Let’s go back to the entire picture: Valéry Laramée de Tannenberg wrapped up COP29 for Alternatives Economiques. “By focusing on financial decisions, the Azeri presidency of the UN climate summit has overlooked the issues of mitigation, adaptation and just transition,” Laramée de Tannenberg writes. “The parties were unable to agree on the follow-up to the Global Assessment on greenhouse gas emission reduction trajectories presented ahead of COP28 and, in particular, the end of dependence on fossil fuels […] Nor on adaptation, for that matter. Nor is there any trace of the work programme on just transition. Some of these subjects could have been included in a chapeau decision that Mukhtar Babayev, the president of the COP, did not want to present.As for the ‘United Arab Emirates dialogue’ resulting from COP28 – which could force States to include in their national commitments a trajectory for phasing out fossil fuels – it has been postponed to the negotiating session in spring 2025, ahead of COP30 in Belém next November.”
Also in French, Reporterre’s Emmanuel Clévenot dares to call the final agreement “neocolonialist”. Clévenot reports the words of someone all of us who were in the plenary room at 3am will remember: India’s chief negotiator, Chandni Raina. “Raina grabbed the microphone and immediately deplored ‘an absolutely regrettable incident’: ‘We had informed the presidency that we wanted to make a statement before any decision was taken. This is a set-up.’ ‘We have seen what you have just done. Using your gavel and preventing the parties from speaking does not honour the convention. India opposes the adoption of this document. Take note.’”
Milou Dirkx and Julian Wettengel, in CLEW, reported another kind of reaction, perhaps more rooted into the reality of multilateralism: “Those who have come here to prevent progress and prevent more climate justice and weaken our multilateral UN system altogether have failed,” said German foreign minister Annalena Baerbock. Achieving the deal “in these shaky times” was a success, she said.

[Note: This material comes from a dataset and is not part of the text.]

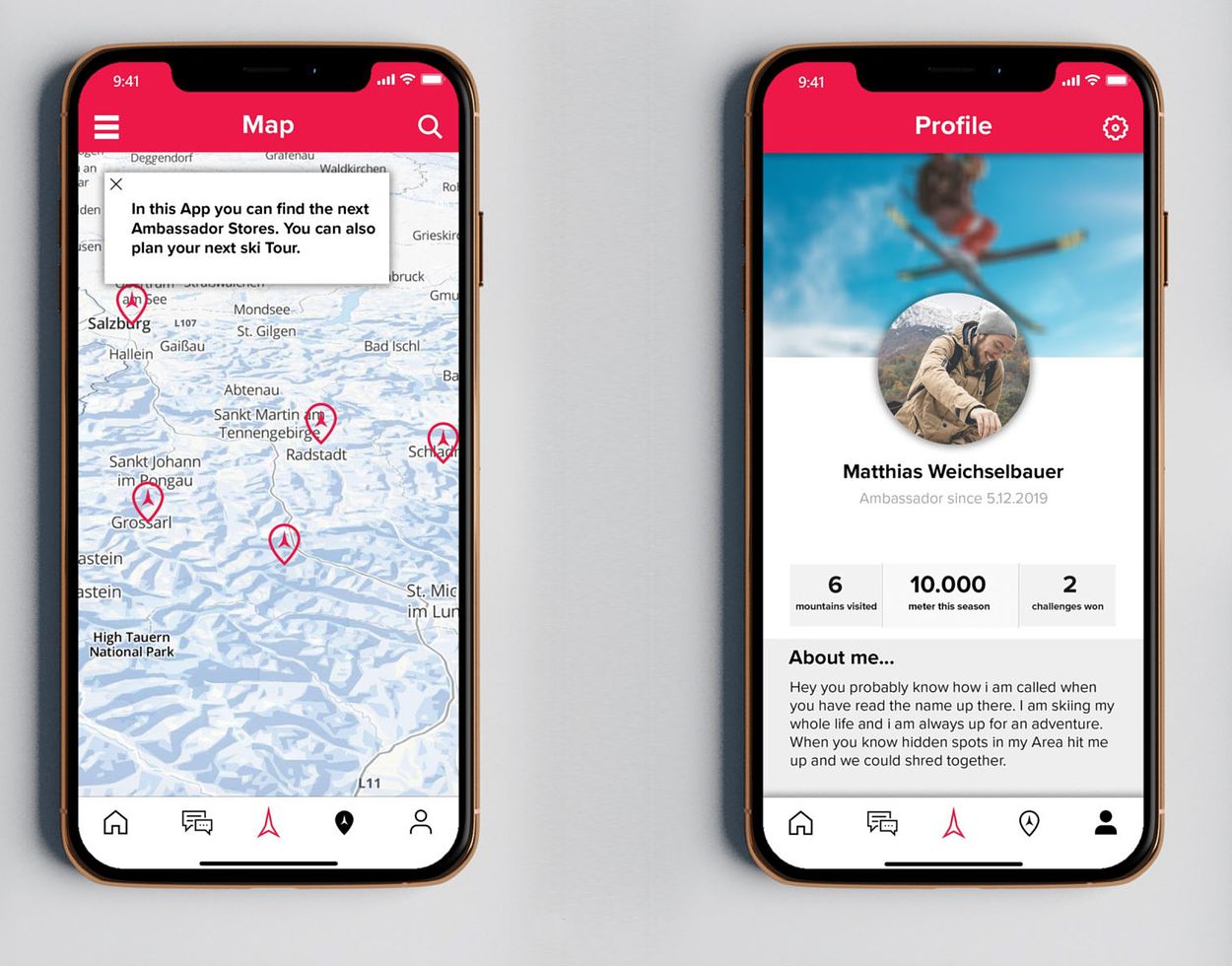 Global player and Austria based ski manufacturer Atomic briefed students of the Master Programme with the task to develop concepts for a more sustainable skiing adventure of the future. Thus Atomic intensively increases their efforts to provide a more eco-friendly sporting experience. One of the possible ways to decrease waste and impact of sporting goods is the concept of sharing economy. The featured student team used an in-depth field research to ask skiers about the circumstances that can increase the interest in sharing sports equipment. The led to a result called "Atomic Ambassadors". This exclusive club provides its members with equipment and information which are not available elswhere. It consists of an entire customer journey with touchpoints as the service of delivery/collection of the lent equipment, easy and quick ski swap depending on the type of ski holiday, exclusive skiing gear, an app with recorded ski data and a network of other club members and much more.

Yet, while international leaders were discussing abstract billionaire wallets, parts of Spain woke up to fresh warnings of dangerous flooding, wrote Rosie Frost in Euronews during COP: “It comes a fortnight after at least 220 people lost their lives in Valencia during Spain’s worst flooding in decades. And just days after Spanish Prime Minister Pedro Sanchez brought the region’s tragedy to the global stage during his speech at COP29.”
It is worth noting what $1.3 trillion should have been for: preventing and fixing the often dramatic consequences of climate change. After all, Frost writes echoing the words of UN Secretary-General António Guterres, 2024 has been a “masterclass in climate destruction”.